There is no question that WNR is high risk/reward trade given the looming dividend cut and/or cash burn scenario. But I actually like this, because it tells me that the share price could appreciate significantly, and quickly, if the market believes the risk of a potential cash flow deficit has been mitigated by improved operating conditions (in my view, a matter of when, not if) or even a responsible dividend suspension or reduction. It's important to note that shares may also react favorably if a dividend cut or suspension was announced -- if the market believes that suspending or reducing the dividend is a more responsible use of capital rather than paying a yield to current shareholders.

So, really, there are two potentially favorable outcomes on the near horizon.
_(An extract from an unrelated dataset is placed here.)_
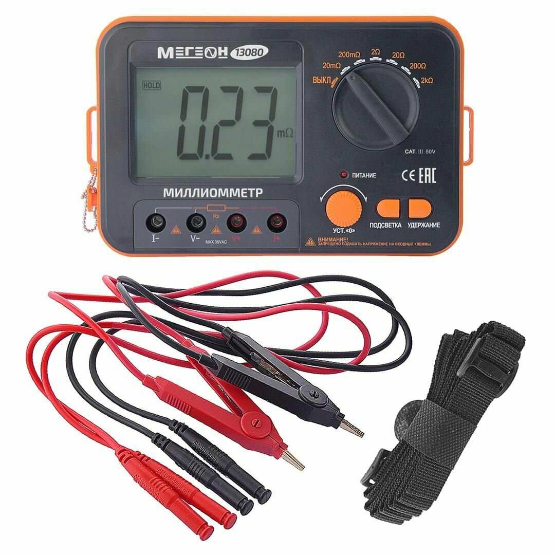 | Комплект поставки | 4-х проводной диагностический вывод - 1 пара., Цифровой миллиомметр МЕГЕОН 13080 - 1 шт., батарея ААА (1.5В) - 6 шт., гарантийный талон - 1 экз., наплечный ремень - 1 шт., руководство по эксплуатации - 1 экз. |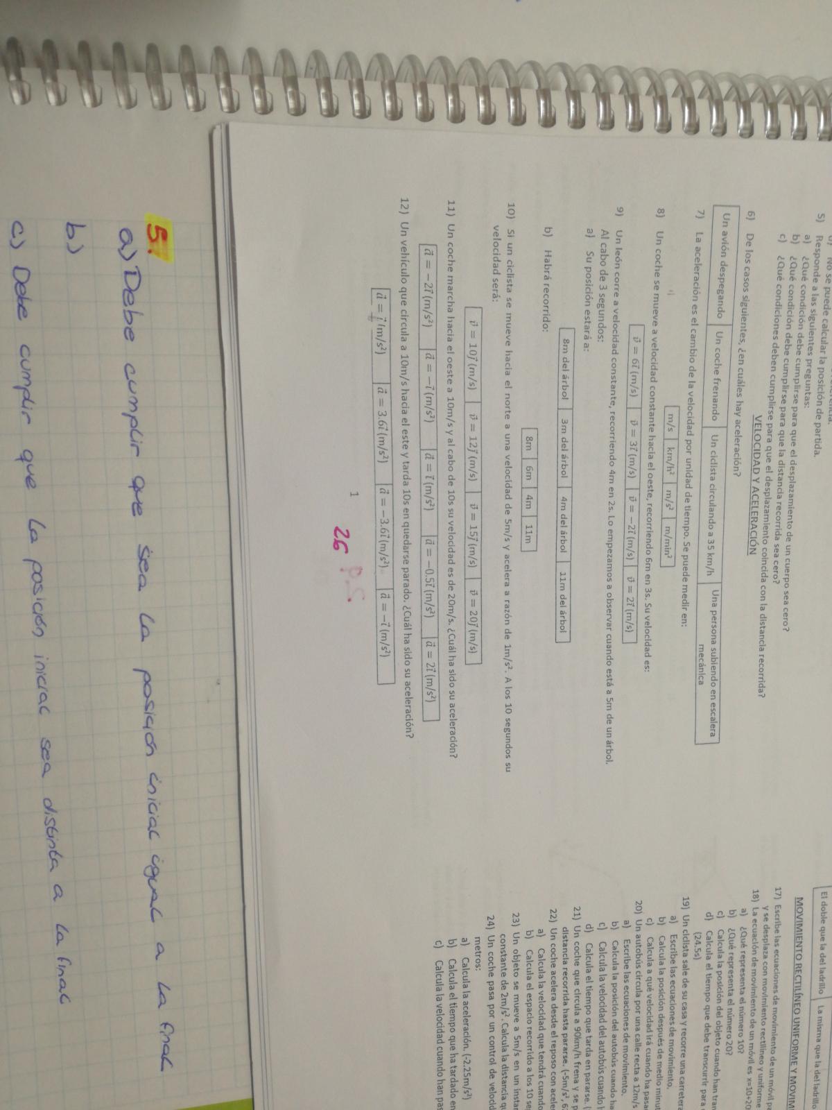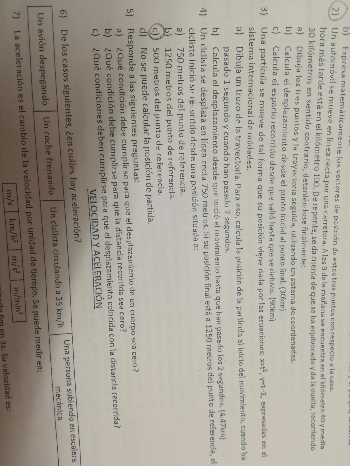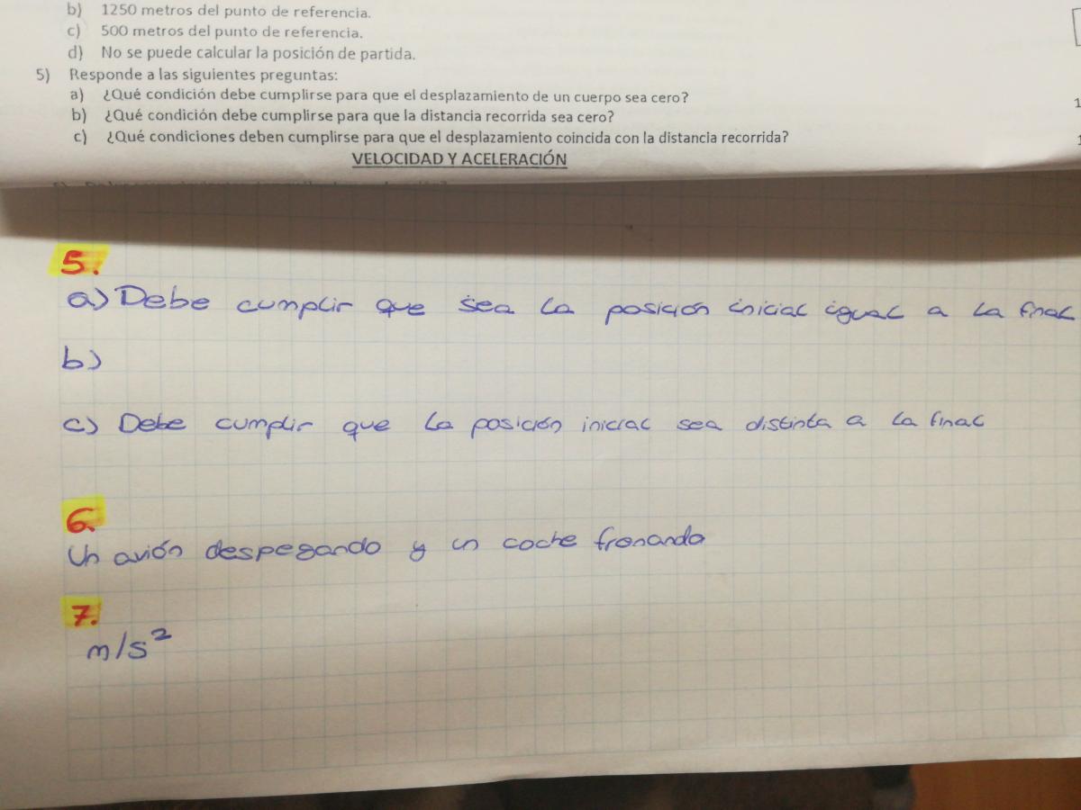 Para mi estan bien el a y el c, respecto al punto b, creo que para que no haya distancia recorrida el cuerpo ni siquiera se debe haber movido...

But, it is also worth noting that this type of high risk/reward trade means that we have to be very careful about managing the position once it is initiated in order to avoid any outsized losses.

Valuation

EV/EBITDA:

My preferred metric to value WNR is EV/EBITDA because EBTIDA is a decent proxy for cash flow which is why most investors would buy this company (for the current dividend yield rather than future growth prospects) and EV because the company employs a fairly high level of debt in its capital structure.

Our research suggests an EV/EBITDA multiple of around 4x. This is approximately the mid-point of WNR's average over the past 5 years.

Normalized EBITDA of the past 5 years was approximately 980M. Multiply this by 30% to account for the increased stake in NTI gives us normalized EBITDA of 1275M.

EBITDA 1275 x 4.0 = Equity share price of $30

Or, we can look at three other scenarios:

With the acquisition of NTI, WNR becomes a more well-rounded, diversified company having added control of a third refining operation. The company may have been penalized in the past with a lower EV/EBITDA multiple because it was a bit on the small side with just two refineries and relatively higher operating risk.

Maybe after the acquisition, the company could get a 6x EV/EBITDA multiple. Based on my experience I would not consider this out of line at all.

EBITDA 1275 x 6.0 = Equity share price of $52

However, maybe our operating assumptions are too optimistic and our EBITDA forecast is too high. If we take the last operating cycle, normalized revenue is about 10B. Multiply this by 30% as a result of the increased stake in NTI to get 13B. EBITDA margins historically have been 8-10% of sales. Apply an 8% EBITDA margin to our estimate of sales to get 1,040M.

Let's use this new EBITDA estimate with our 4x and 6x EV multiples.

4 x 1,040 = Equity share price of $21

6 x 1,040 = Equity share price of $40

So we have a range of values between $21 at the low end and $52 at the high end. This would be approximately my expected trading range for this stock. This also happens to be approximately the range of prices over the past 52 weeks as sentiment has ranged from prior optimism when oil prices were elevated, to the current view which is a bit on the cynical side. It would seem sentiment has gone from being overly optimistic too overly pessimistic in a hurry.

Discounted Cash Flow Analysis - Free Cash Flow to Equity

The bedrock of any good fundamental analysis is an evaluation of the cash flows that are available to return to equity holders. After all, cash flow distributions are the only reason we would consider a purchase of WNR shares in the first place not to mention the fact that FCFE valuation is the single valuation theory most closely linked to stock market returns. Here, we use a FCFE model to evaluate the quality of WNR's cash flows under normal operating conditions.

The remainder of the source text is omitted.